MQTTは工場のセンサーデータ収集で特に強みを発揮します。PLC・温度計・流量計・振動センサーを「factory/line1/sensor」のようなTopicでBrokerに集め、MES(製造実行システム)やSCADAがSubscriberとして購読する構成が一般的になりました。OPC UAと組み合わせて使うケースも多く、SiemensやBoschが対応ゲートウェイを提供しています。
家庭ではHome Assistantが標準でMQTT Brokerに対応し、ZigbeeやZ-Waveのゲートウェイから取り込んだセンサー状態をMQTT経由で配信します。コネクテッドカーの分野ではトヨタやBMWが車両テレメトリ収集にMQTTを利用していることが公表されており、数百万台規模の車両を1つのBrokerで束ねる事例もあります。農業IoTでは圃場の土壌水分・気温データを衛星回線でMQTTで送り続ける構成が定着しています。WebアプリでもRedisのPub/Subと並んでMQTT over WebSocketsが利用され、ダッシュボードのリアルタイム通知に使われるようになりました。
HTTPやAMQPとの使い分け

HTTPはWebの標準プロトコルで、JSON/ProtobufでRESTやgRPCのリクエスト・レスポンス型通信を行います。ステートレスで簡単に組めますが、デバイス側からのプッシュ通信や常時接続には向かず、ペイロードに加えてヘッダが数百バイトかかるため、細い回線では非効率です。MQTTはこのギャップを埋める軽量プロトコルとして、デバイスからクラウドへの常時接続・少量データ送信に特化しています。
もう一つの比較対象がRabbitMQやKafkaが代表するAMQP系の重量プロトコルで、こちらは企業内のメッセージング基盤として強力ですが、クライアントが大きく、IoTデバイスに直接載せるには重すぎます。そのため実際の現場では、IoT側はMQTT、クラウド内部はKafkaやAMQP、Web/モバイル側はHTTPS、とプロトコルを役割で組み合わせる構成が定番になっています。MQTTを採用する際はBroker運用の責任が発生するため、自前構築するかマネージドサービス(AWS IoT Core、HiveMQ Cloudなど)を選ぶかの判断が最初のポイントです。
まとめ
MQTTは1999年にIBMのAndy Stanford-Clark氏らが石油パイプライン監視用に設計した軽量Pub/Subプロトコルで、2014年にOASIS標準、2019年にv5.0が公開されました。

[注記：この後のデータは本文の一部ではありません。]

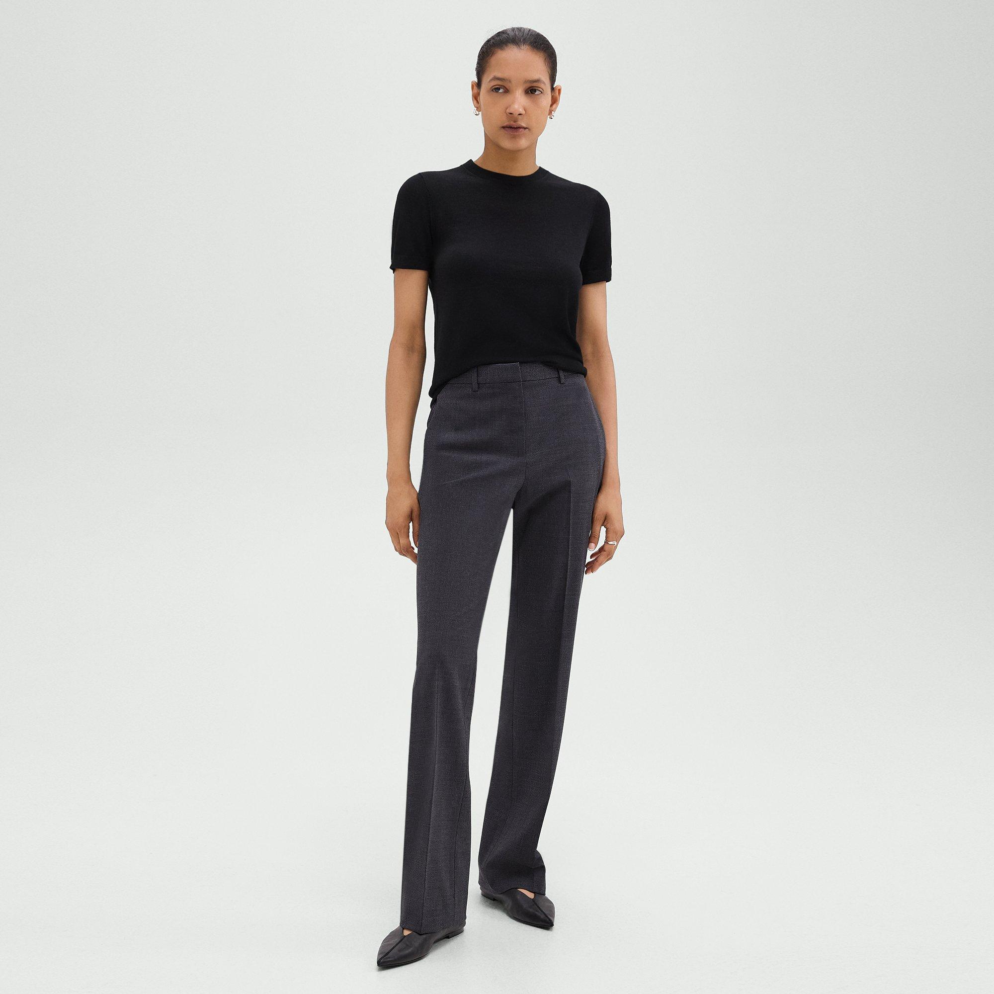 THEORY Flared Full-length Pant In Good Wool In Charcoal Melange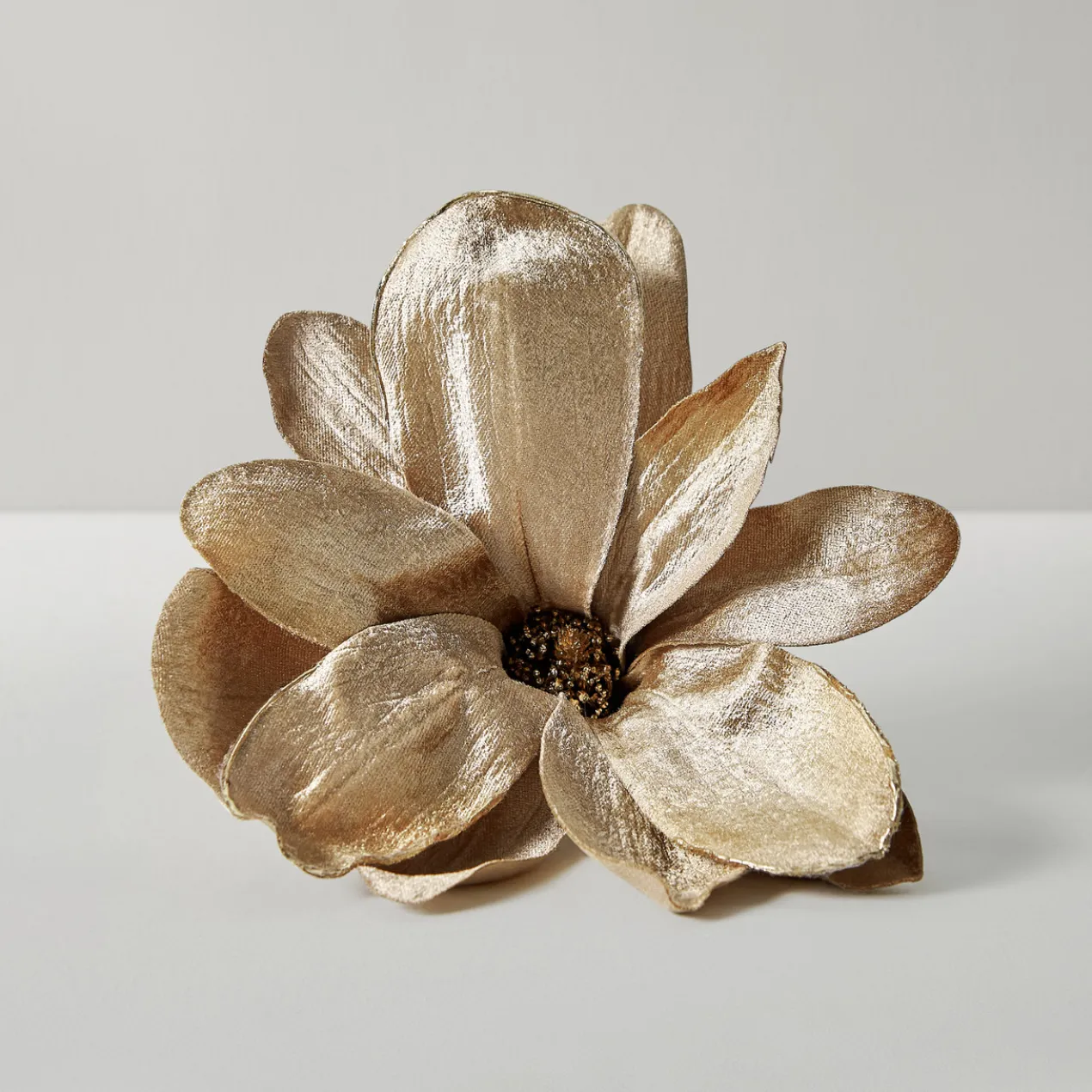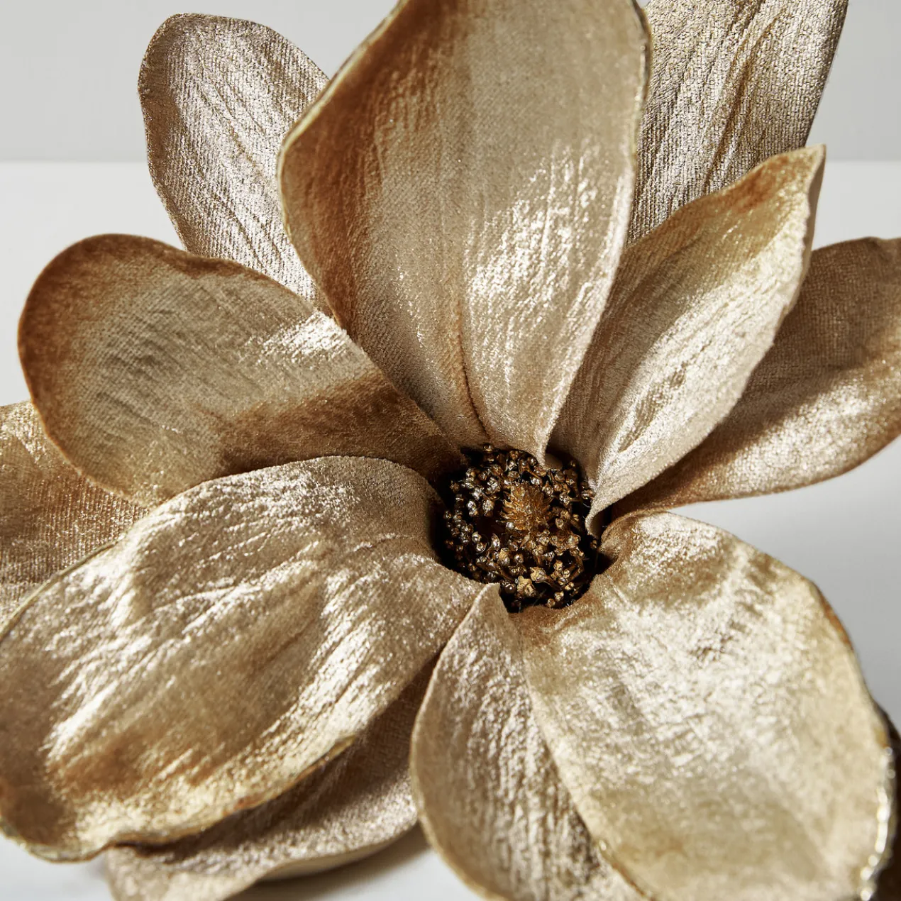 This set of elegant champagne hued velvet magnolia makes a charming and unexpected accent for any holiday decor.

工場・スマートホーム・車両・農業など多様な現場で「IoTの共通言語」として採用され、HTTPやAMQPと使い分けて利用されています。Brokerを中心に置くシンプルな構造が、20年を超えて愛され続ける理由です。
※本記事はIT用語辞典の手書きドラフトです。公開前に最新情報・出典を確認のうえ加筆修正してください。